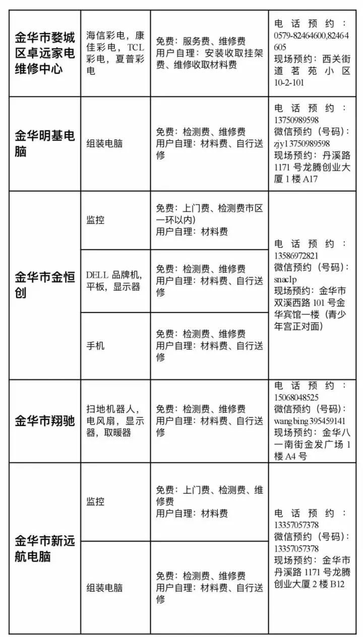 注: 活动期间,免上门费、维修费,消费者一般只需要承担维修的材料费。
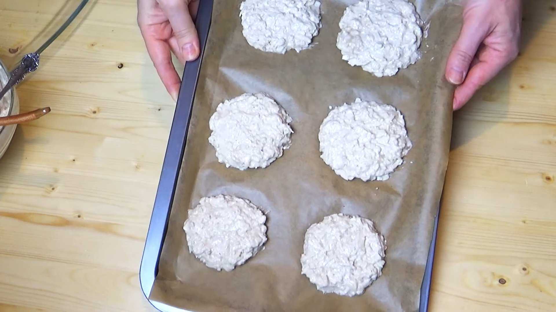 - Выложите печенье на застеленный и смазанный растительным маслом противень.
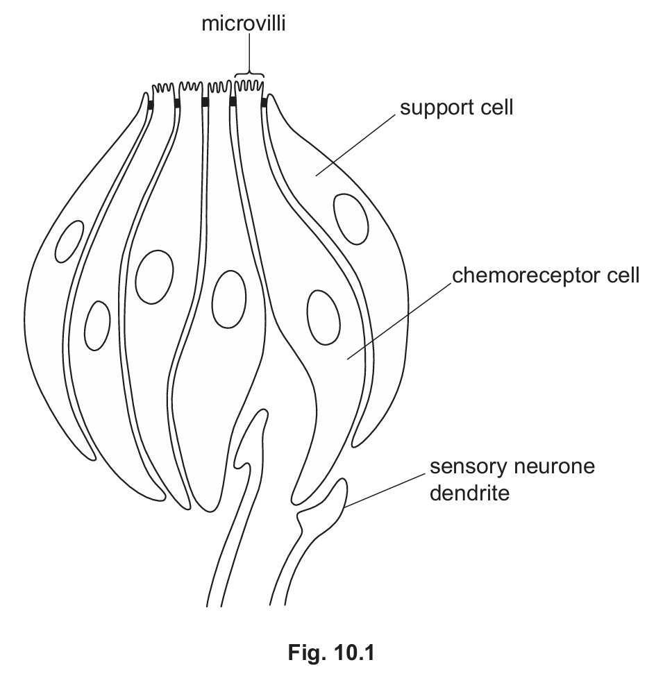 (a) Fig. 10.1 shows chemoreceptor cells in a taste bud. Two of the chemoreceptor cells have formed synapses with sensory neurone dendrites.
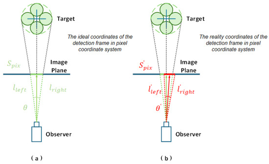 Bounding frame without noise influence and without jitter in the pixel coordinate system under ideal conditions (as shown in (a) in the figure). In reality, the bounding box is disturbed by noise, and the left and right boundary positions of the bounding box, the position of the center point, and the size of the boundary fluctuate (as shown in (b) in figure), which in turn affects the observed values of Bearing and Angle.

> **Activity**
Word for word, return the material, omitting the pictures.

> **Solution to the exercise**
 注: 活动期间,免上门费、维修费,消费者一般只需要承担维修的材料费。
 - Выложите печенье на застеленный и смазанный растительным маслом противень.
 (a) Fig. 10.1 shows chemoreceptor cells in a taste bud. Two of the chemoreceptor cells have formed synapses with sensory neurone dendrites.
 Bounding frame without noise influence and without jitter in the pixel coordinate system under ideal conditions (as shown in (a) in the figure). In reality, the bounding box is disturbed by noise, and the left and right boundary positions of the bounding box, the position of the center point, and the size of the boundary fluctuate (as shown in (b) in figure), which in turn affects the observed values of Bearing and Angle.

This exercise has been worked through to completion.